Raúl Zúñiga

Personal information
- Full name: Juan Manuel Zapata Zumaque
- Date of birth: 13 July 1994 (age 32)
- Place of birth: Juradó, Chocó, Colombia
- Height: 1.80 m (5 ft 11 in)
- Position: Forward

Team information
- Current team: América
- Number: 19

Senior career*
- Years: Team / Apps / (Gls)
- 2019: UAEM / 12 / (6)
- 2019–2022: Dorados / 87 / (38)
- 2023–2024: Querétaro / 29 / (8)
- 2024–2025: Tijuana / 42 / (15)
- 2025–: América / 12 / (3)

= Raúl Zúñiga =

Colombian footballer

José Raúl Zúñiga Murillo (born 13 July 1994) is a Colombian professional footballer who plays as a forward for Liga MX club América.

==Career==
===Early career===
He made his professional debut at 25 years old in Mexico, after searching for opportunities in Argentina, Germany and his native Colombia.

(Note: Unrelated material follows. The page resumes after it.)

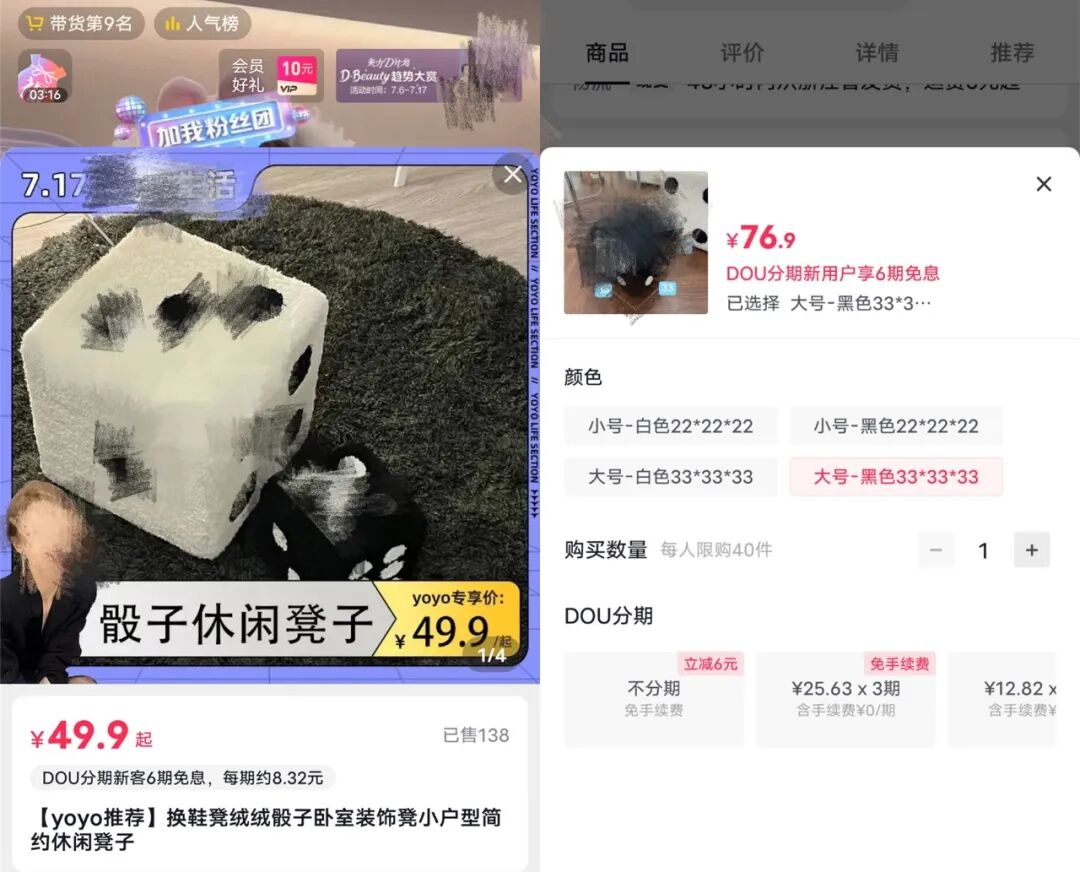 例如一款長得像骰子的凳子,10分鐘賣了138單,銷售額在6886元-10612元。

He played his first game on 2 August 2019 for Potros UAEM against Correcaminos UAT, scoring twice in a 4–0 win.

===Querétaro===
After his spell at Dorados de Sinaloa in Liga de Expansión MX, Zúñiga moved up to Liga MX to sign for Querétaro.

===Tijuana===
On 11 January 2024, Club Tijuana announced they had signed Zúñiga. He scored his first goal for the club in a 1–0 away win against Juárez on 14 April 2024.

===Club América===
On 13 July 2025, Zuñiga joined Club América.